Soros pointed to the rise in interest rates to 50 percent in Brazil and 35 percent in Argentina, declaring that these figures were indicative of a 'calamitous situation' that would, over the long term, end in an economic 'collapse.' He warned that if the economic disease spreading throughout Latin America is not dealt with, it will inevitably spread to the 'center of the system,' the United States itself, adding, 'I don't think any bailout is possible.'
The Brazilian government of President Fernando Henrique Cardoso hailed Clinton's statements about the necessity for a coordinated international response to the mounting Latin American crisis. The country's finance officials made it sound like a financial rescue package was all but in place.
With barely three weeks to go until the country's presidential elections, the government is desperately trying to buy time, staving off a financial collapse and a social explosion. What none of the officials promoting the prospects of a Clinton rescue package are discussing, of course, is the price that would be exacted from Brazil's workers and poor to pay for fresh credits.
Standard and Poor's, Moody's and the major Wall Street investment firms have all made it clear that world finance capital is demanding a brutal escalation in the attacks on living standards and basic rights as a condition for any financial bailout. What remains of Brazil's social security system and labor laws would have to be scrapped. Whatever deficit-cutting measures are taken, however, will be quickly eaten up by increased debt costs resulting from the country's staggering interest rates.

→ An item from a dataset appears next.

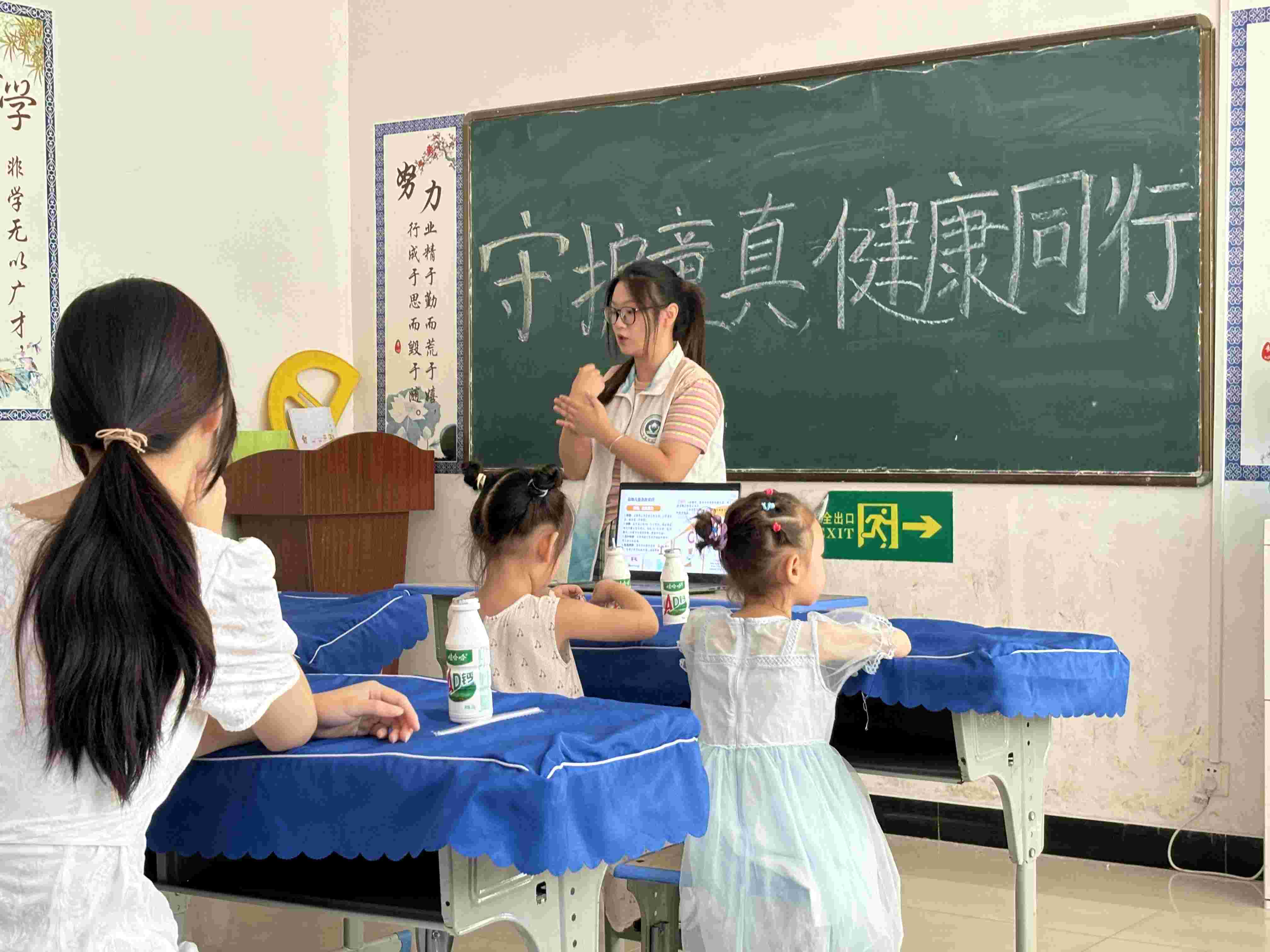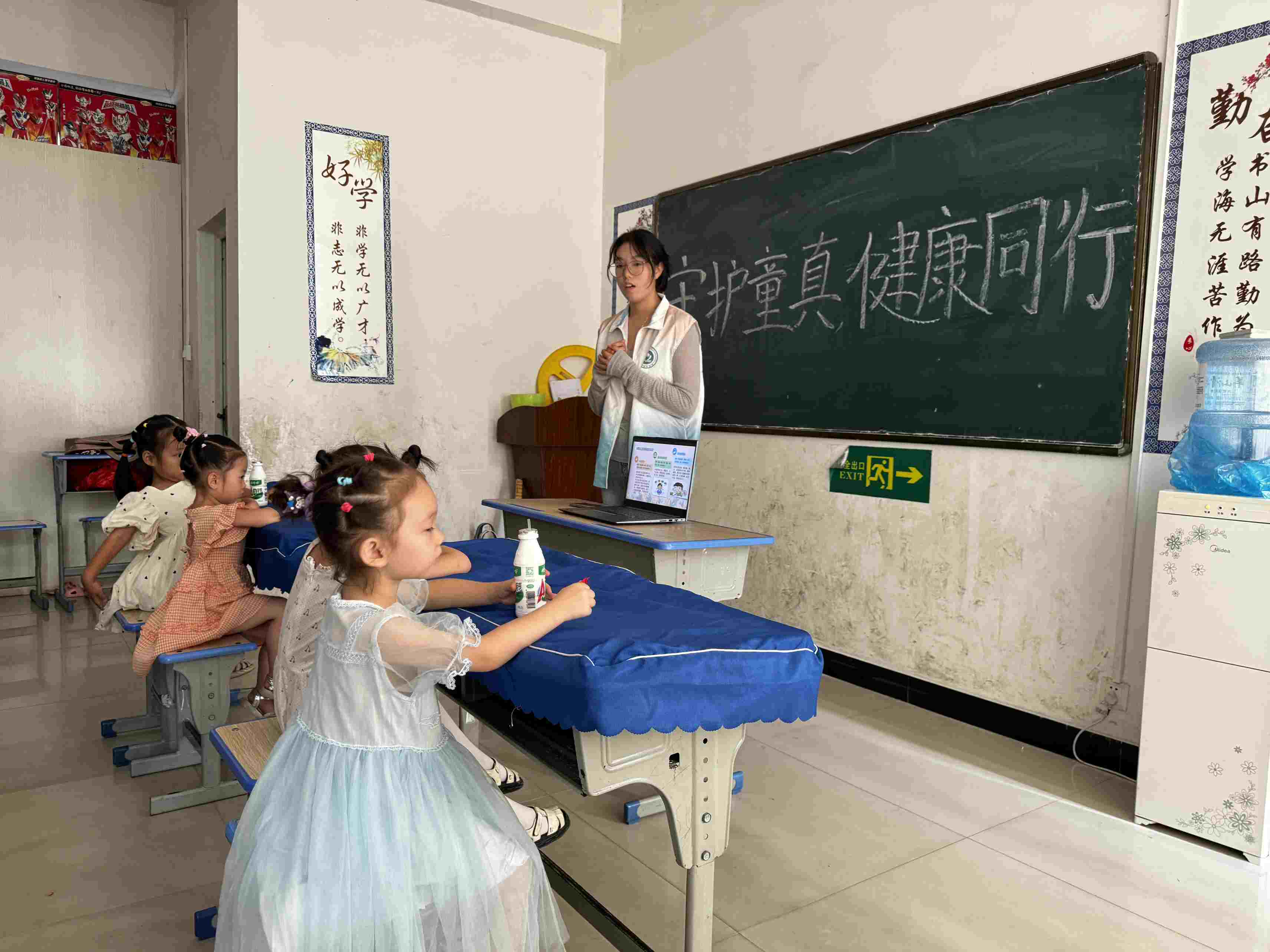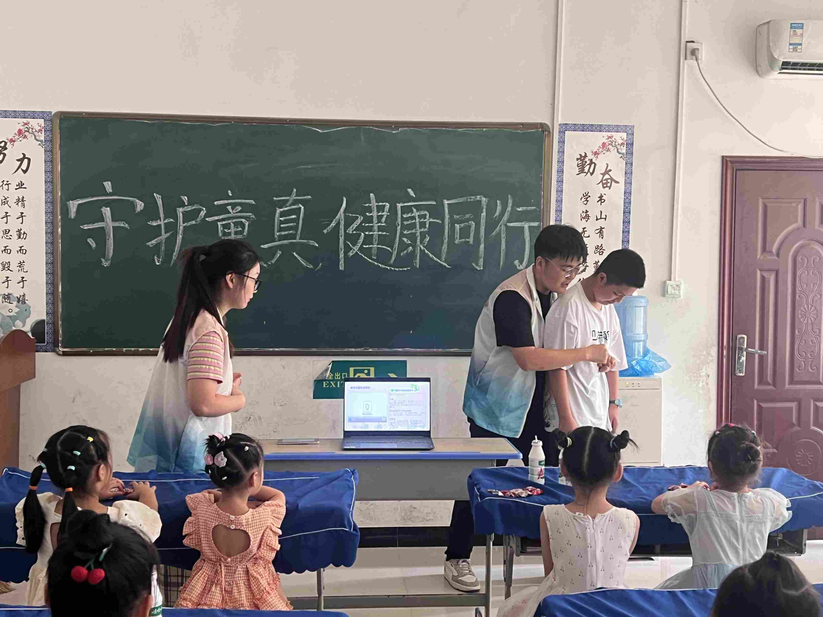 首先由實踐隊員給小朋友們進行話題引入,消除了小朋友們在陌生環(huán)境下的焦慮并調(diào)動了小朋友們的課堂參與積極性。隊員們的課堂分為四個部分。第一部分是由路雅婷同學(xué)為小朋友們帶來的“暑期兒童疾病防控常識”,詳細闡述了中暑、呼吸道疾病、腸道疾病、皮膚疾病以及溺水的預(yù)防注意事項以及預(yù)防措施,在課堂上,小朋友們被實踐隊員的講解吸引,不知不覺都參與到了課堂中。

Brazil has seen a loss of more than $20 billion in international reserves over the past month and a half, $6 billion of it during last week alone. Even the brief spate of optimism following Clinton's remarks has only served to slightly slow the hemorrhaging capital flight, down to a level of approximately half a billion dollars a day.
Meanwhile, the Sao Paulo stock market, the financial center of Latin America, has seen its key index drop by 40 percent in barely one month.
The impact of Latin America's crisis on the US economy dwarfs that of Russia. US banks' exposure there totals $27.2 billion, according to the Federal Reserve. Citicorp accounts for the largest share with $15.5 billion. Chase Manhattan Corp., which has been the biggest lender in Latin America, announced earlier this year that it had taken $2.6 billion in Latin American loans off its books, reducing its total exposure on the continent by 15 percent.
Increases in interest rates to 50 percent and a wave of devaluations will mean a huge reduction in consumer spending and ultimately a continent-wide depression that would wipe out earnings in a region that has been a central focus in US 'emerging markets' investment.
The United Nation's Economic Commission for Latin America and the Caribbean (ECLAC) issued a communiqué Tuesday on the crisis, citing, 'instability in the foreign exchange and capital markets on a scale that is almost unprecedented in world economic history,' and warning of a 'global recession.'
Referring to the new round of economic austerity programs and emergency measures taken to stabilize the region's economies, ECLAC declared, 'the measures that have been adopted are much more stringent than would have been justified by conditions in each economy, as they have been put in place in response to foreign speculation. As a result of the financial contagion, the Latin American countries will have to bear heavy costs, which have no domestic justification and are, thus, economically and socially inefficient.'
In other words, measures imposed over the past two decades in the name of free market reform and economic liberalism have had the sole purpose of assuring foreign financial speculators the ability to realize their profits at the expense of the masses of Latin America's workers, peasants and middle class people. Though none of these structural adjustment programs have served to ward off financial catastrophe, it is now proposed that a new round of these austerity packages be introduced.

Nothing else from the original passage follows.